M4v3R · 2023-11-05T14:29:20.000000Z

Which model did you use? GPT-4 can encode and decode Base64, at least for short strings. I was pretty surprised when I first saw that. Proof:

https://chat.openai.com/share/9382be94-d59a-4a2a-b03b-43dba3...

https://chat.openai.com/share/421cc39e-ea9c-4ff6-9e45-1aa151...

waveBidder · 2023-11-05T20:14:48.000000Z

3.5 can't, just tried and got this https://chat.openai.com/share/31e7038e-d594-4c6f-8f6e-27e920.... they probably specifically added a bunch of examples.

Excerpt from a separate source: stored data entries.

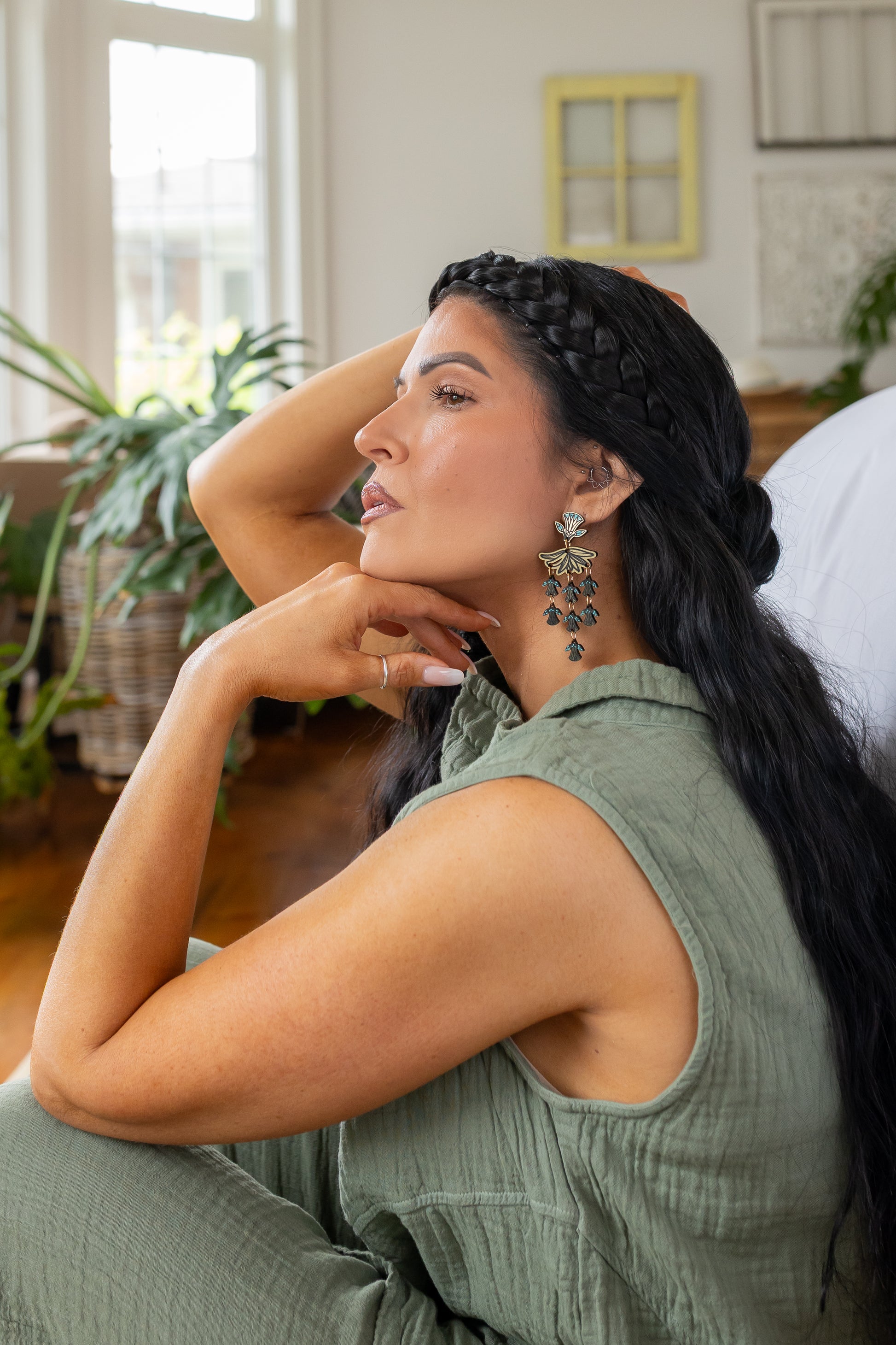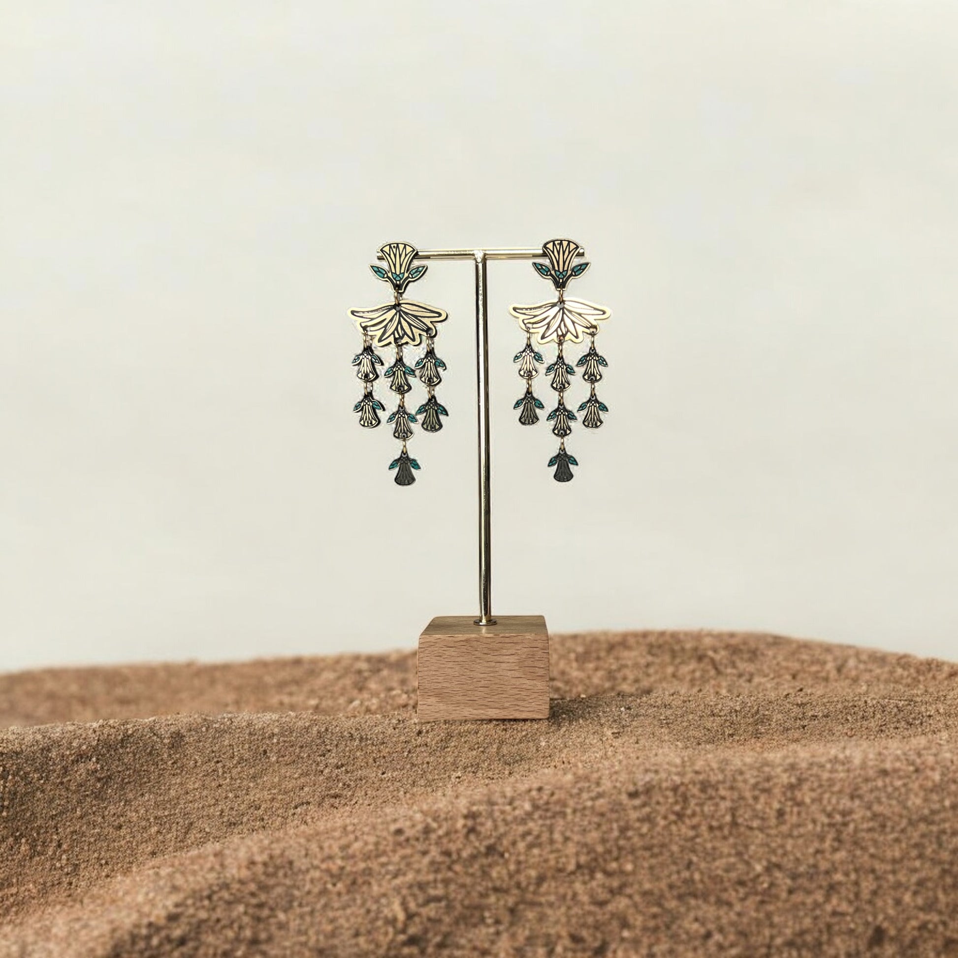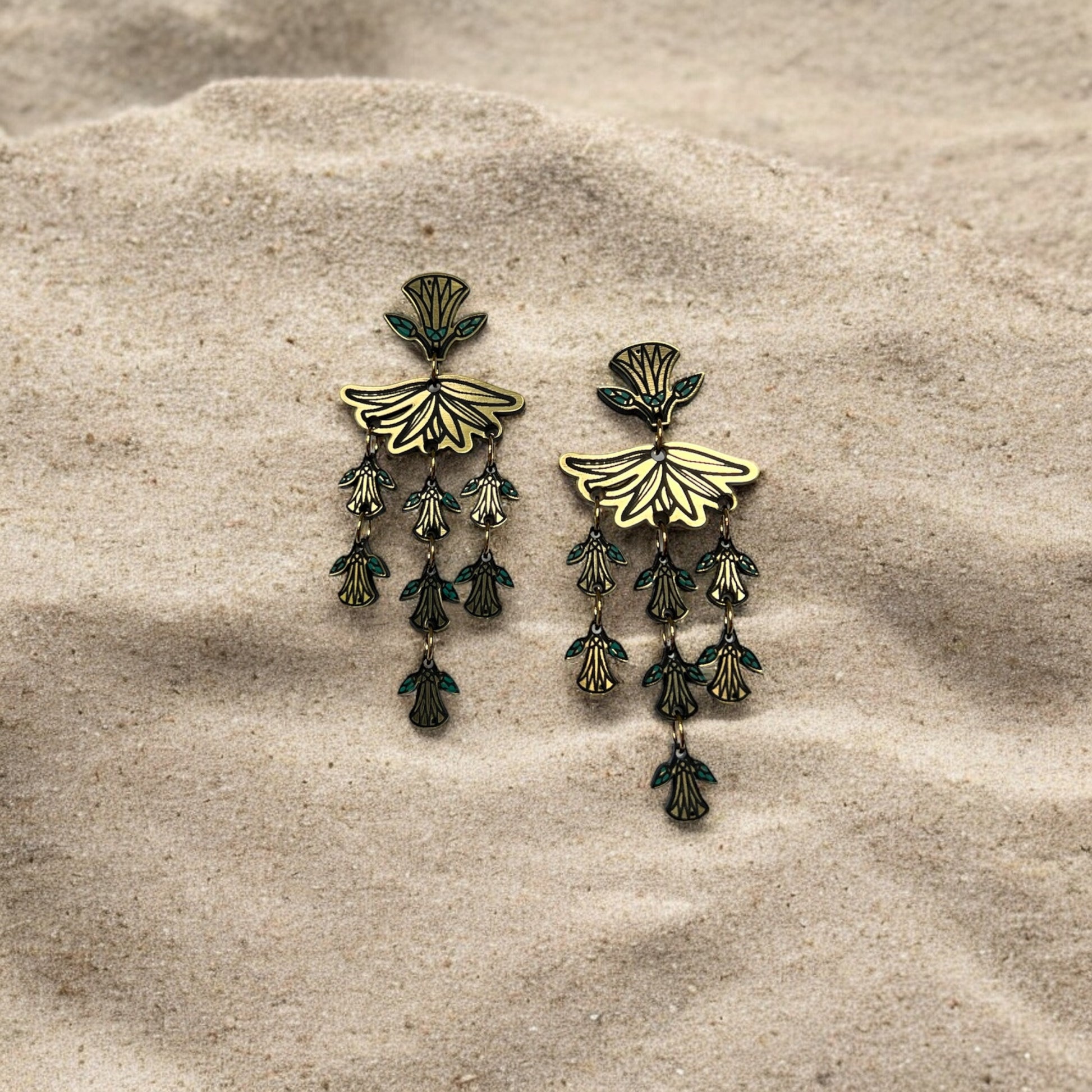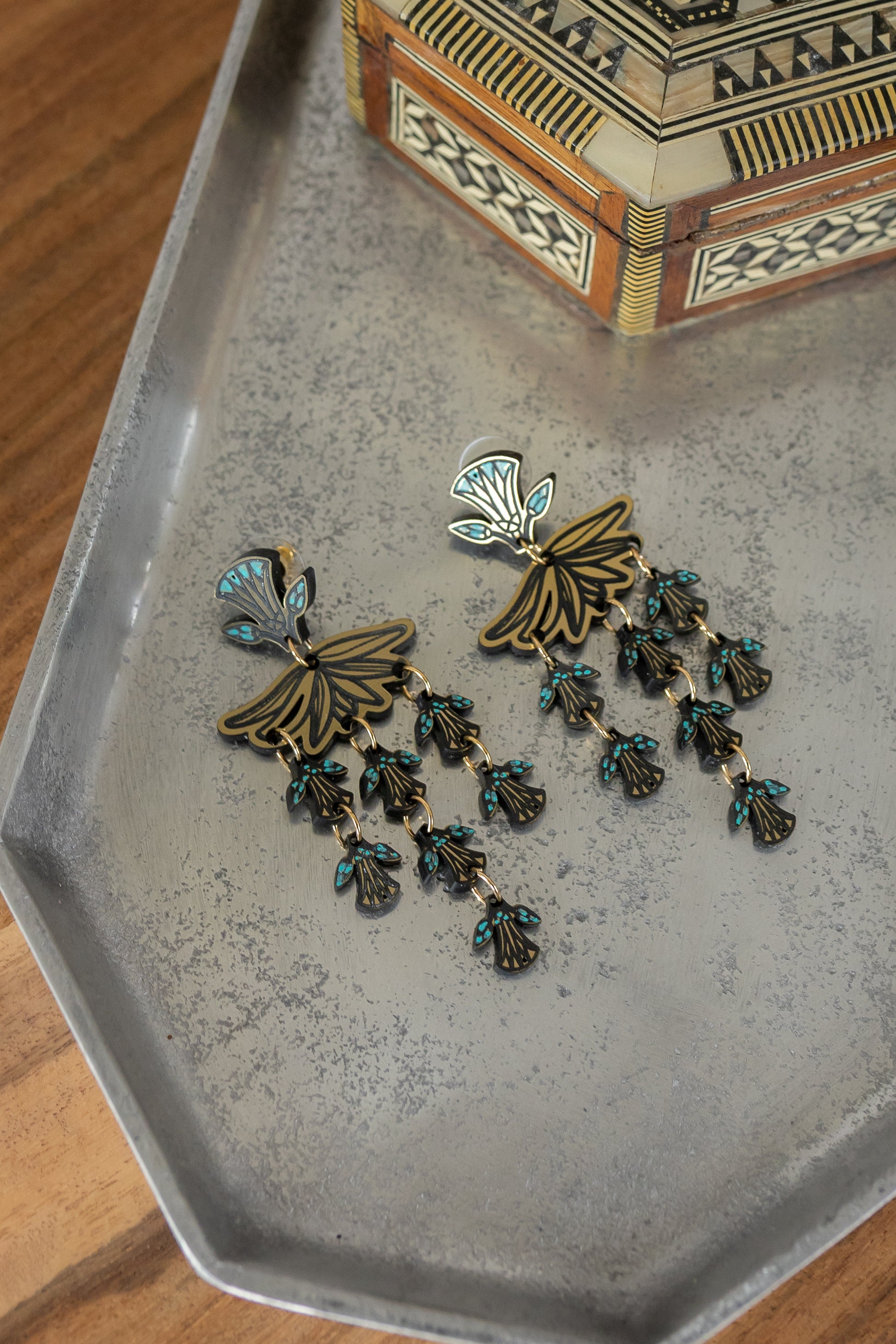 The Shamsa Earrings are a stunning ode to traditional craftsmanship and bold, modern design. Featuring laser-engraved lotus flowers on metallic gold acrylic, each pair is delicately hand-painted and assembled to dance with your every move. These chandelier-style drops are lightweight but full of presence — a statement of elegance and strength.
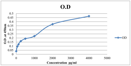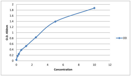 The results of a typical standard run of calprotectin ELISA kit are shown below. The X-axis shows the concentration of calprotectin, and the y-axis shows the O.D value (Figure 4).
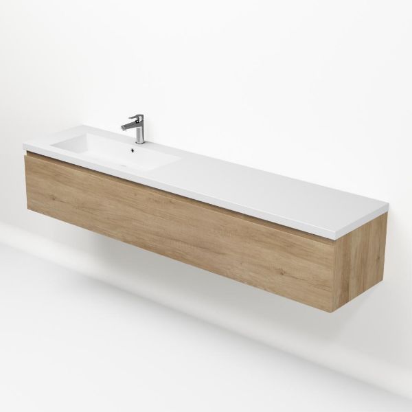 Greeploos badkamermeubel in de kleur olm is 200 cm breed. De wastafel is vervaardig in polystone en heeft de kleur wit. Dit badkamermeubel met deze wastafel is leverbaar tussen de 60 cm t/m 160 cm
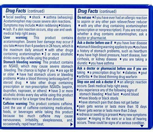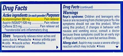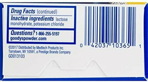 No more pills! Tackle those head troubles with the convenience of Goody’s Headache Powder, the tried and true, classic solution for fast pain relief. Remember, when you’ve got a headache, there’s fast, and then there’s Goody’s fast.Temporarily relieves minor aches and pains due to: Headaches, minor arthritis pain, muscular aches, colds, toothaches, menstrual pain. Ingredients: Caffeine 32.5mg; Acetaminophen 260mg; Aspirin (nsaid: Nonsteroidal anti-inflammatory drug) 520mg
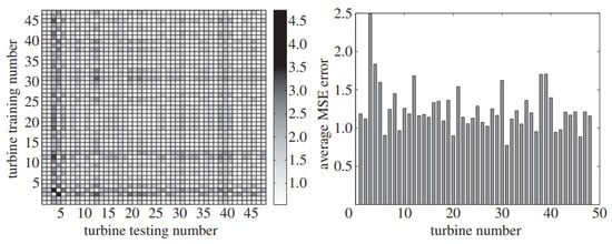 Confusion matrix depicting MSE errors on the testing set [left] and average MSE errors illustrating the predictive performance of each turbine (power produced) [right] [32].
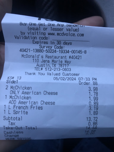 Read moreNice, new interior, very convenient location to go to after school or soccer games/practices, but instead I will drive to other nearby McDonalds or choose one of the other fast food options. They constantly get our order wrong, forget things, give us quarter pounders plain with nothing on them, the patties are tiny, thin and tasteless. I have sat in the drive-thru line for 20 minutes before and the only reason I didn’t leave or go inside is because I had two young children strapped into car seats. They have given us all our food, forgetting the drinks, and then disappeared from the window. Tonight, I could hear the workers laughing and cackling in the background when I ordered my food, and they messed up the order again. I parked, unbuckled my kids, and went inside to show them the burger, and then had to sit and wait while I watched the staff stand around and laugh and joke with each other. The second burger was somehow worse than the first plain one. This is the worst McDonalds location and after many, many chances, we are finally done for good. I will not be going back, and corporate needs to look at all of these...
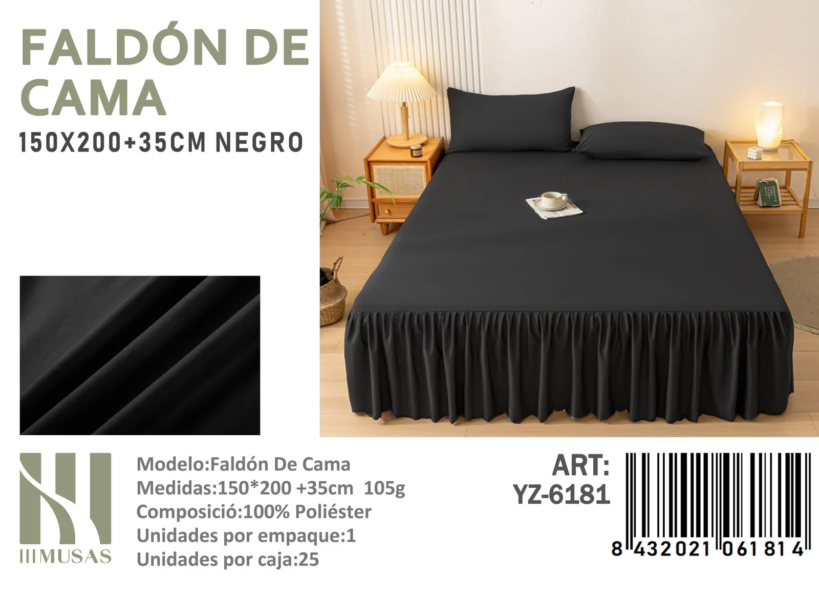 Faldon para cama 2 plazas Color Negro
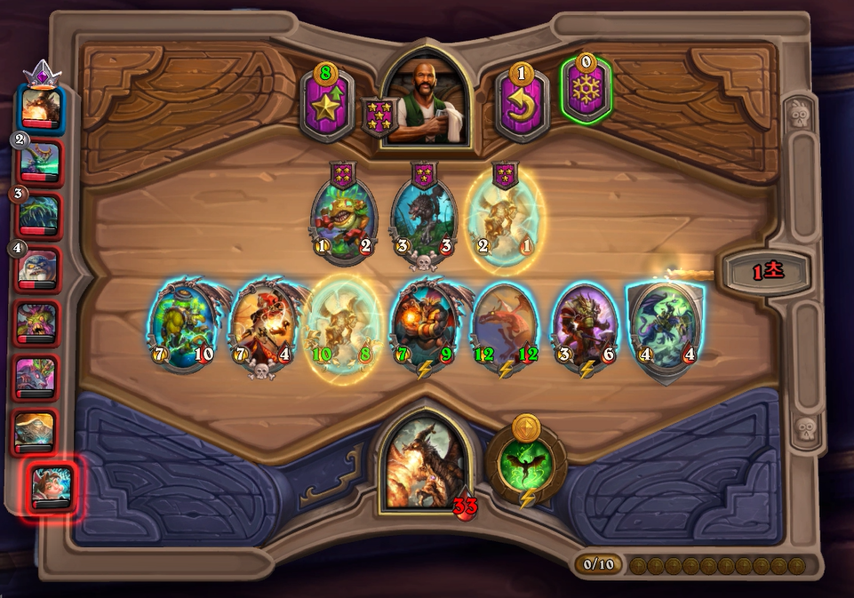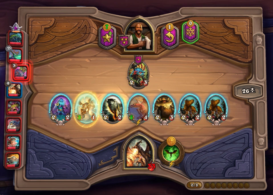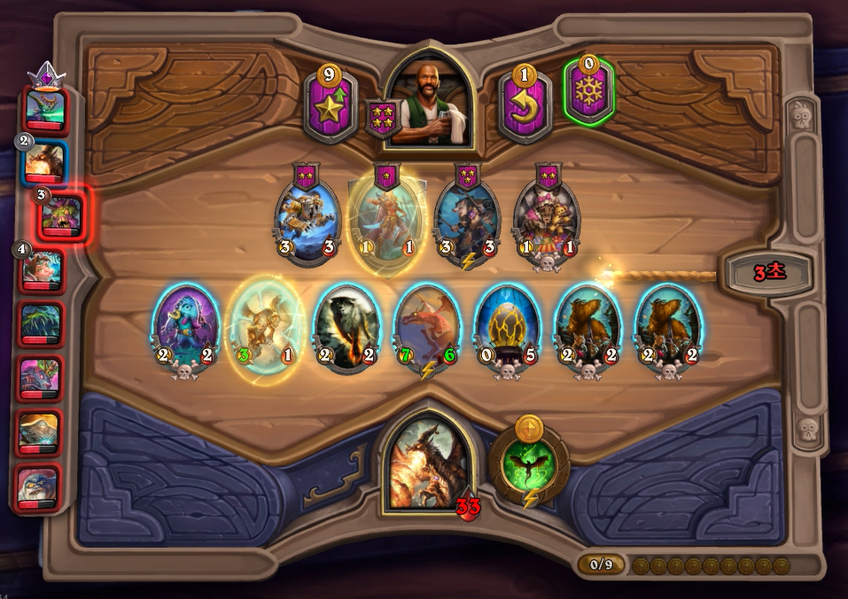 8턴 하수인 상점입니다. 발견 1을 통해 용기병 집행자, 발견2를 통해 청동감시자를 구입했습니다. 이렇게 5성 발견이 망했지만, 황금 쥐떼를 통해 다행히 나디나를 찾았습니다. 그래도 필드가 약한건 어쩔수 없지만, 체력이 33이나 남아있고, 다음 턴에 폭군 서슬송곳니를 구매할 수 있어 성장 기대치가 높은 상태입니다.
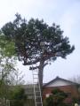 機械が届かないため、上に登り、短く切りながら下ろしていきますグッド
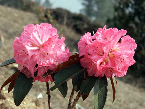 (画像サイズは26.3KB) この地方に多く見かけられたアルボレウム(R.arboreum)のピンク花です。たしかに真っ赤な花もいいですが、この柔らかい花色は、むしろ日本人好みではないかと思います。私もこの花色のほうが好きです。(2004.04.02) |
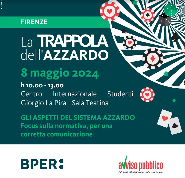 Si svolgerà a Firenze, mercoledì 8 maggio, l’ultima tappa del progetto promosso da Avviso Pubblico e BPER Banca, intitolato “La trappola dell’azzardo”. Un progetto sociale di prevenzione e contrasto al gioco d’azzardo patologico, che ha preso il via lo scorso anno, che ha l’ambizione di creare i possibili anticorpi per tutelare la salute delle comunità, con una particolare attenzione ai più giovani.
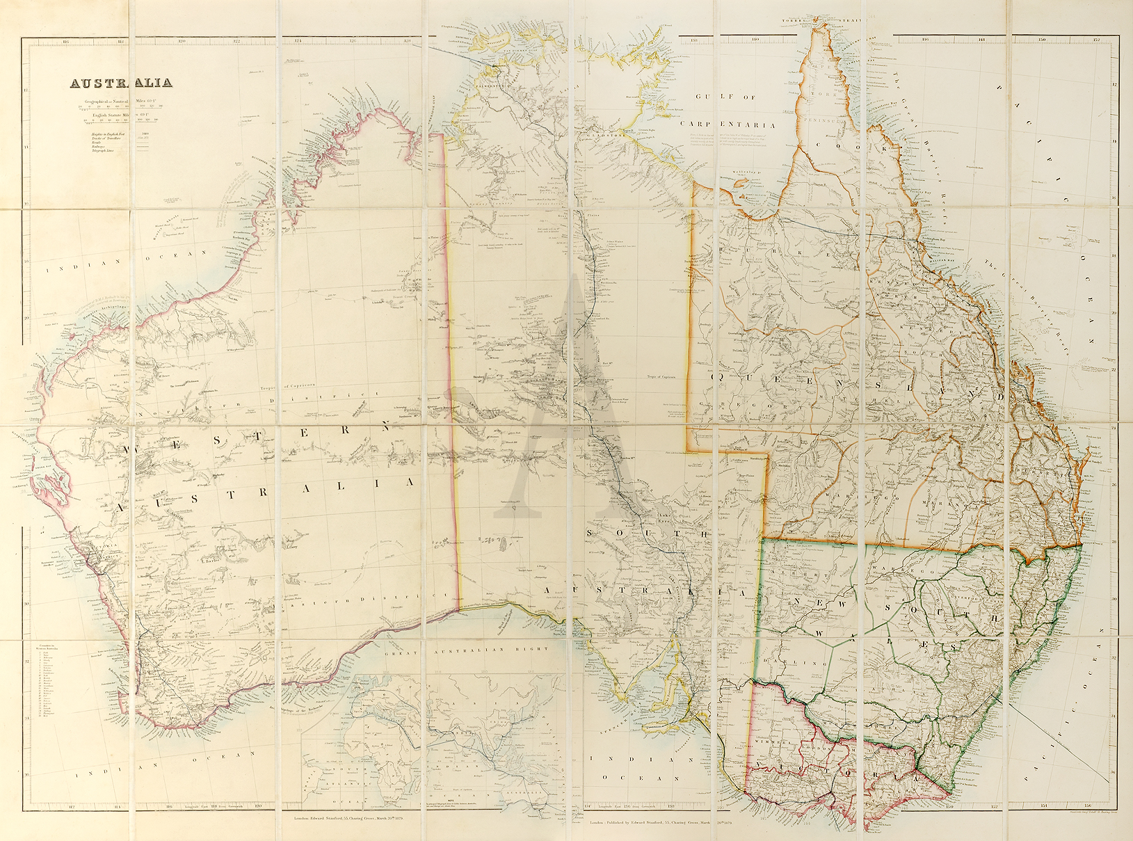 Large scale detailed map of Australia, laid on linen as issued. Explorers tracks are shown and inset of the world at lower sheet edge is included, with the tracks of an overland voyage in blue. Founder of one of the … Read Full Description

LinuxBender · 2023-11-05T14:50:03.000000Z

Can it figure this one out without any hints? Not base64. Use case [1]

    ONXW2ZLUNBUW4Z2AONXW2ZLXNBSXEZJOORWGI===

[1] - https://ohblog.net/about/

stavros · 2023-11-05T14:56:50.000000Z

> The string you've provided appears to be encoded in Base32. Decoding this string from Base32, it results in:

> "This is a test. This is only a test."

So, it got the base32 part right, but the decoding wrong. I would have been extremely surprised if it got the decoding right, though.

LinuxBender · 2023-11-05T14:59:53.000000Z

That's still kinda cool. Now I'm curious if it can decode all the figlet fonts too. Size can be controlled with HTML as some are easier to read visually by a human if smaller

[Edit] - This might makes ones eyes bleed but I am curious if it can read this [1]. If installing figlet type showfigfonts to see examples of all the installed fonts. More can be installed [2] in /usr/share/figlet/fonts/

[1] - https://ohblog.net/chatgpt_test/

[2] - https://github.com/xero/figlet-fonts

TheGeminon · 2023-11-05T14:21:14.000000Z

That kind of decoding is a bit different though. For one, the tokenization process makes encodings difficult to handle (unless it’s trained on a lot of pairs).

This would be more akin to asking ChatGPT to help build a black box parser for base64, not asking it to decode it itself.

JCharante · 2023-11-05T19:47:36.000000Z

GPT4 can absolutely decode base64. Early jailbreaks were to base64 a python-based jailbreak to get it to output whatever you wanted and later OpenAI added a patch to filter base64 outputs to follow their rules.

waveBidder · 2023-11-05T20:00:02.000000Z

how are you sure it wasn't bullshitting? were you feeding it a known binary?

dazhbog · 2023-11-05T21:14:46.000000Z

Some of the input data was known yes, because this software has a gui and it outputs a binary file based on user data (PCB Bill of materials)+internal machine settings. So i knew there were some coordinates and ascii data in there and GPT helped find the delimiters, etc. Some things i was also able to figure out with Ghidra and lots of trial and error.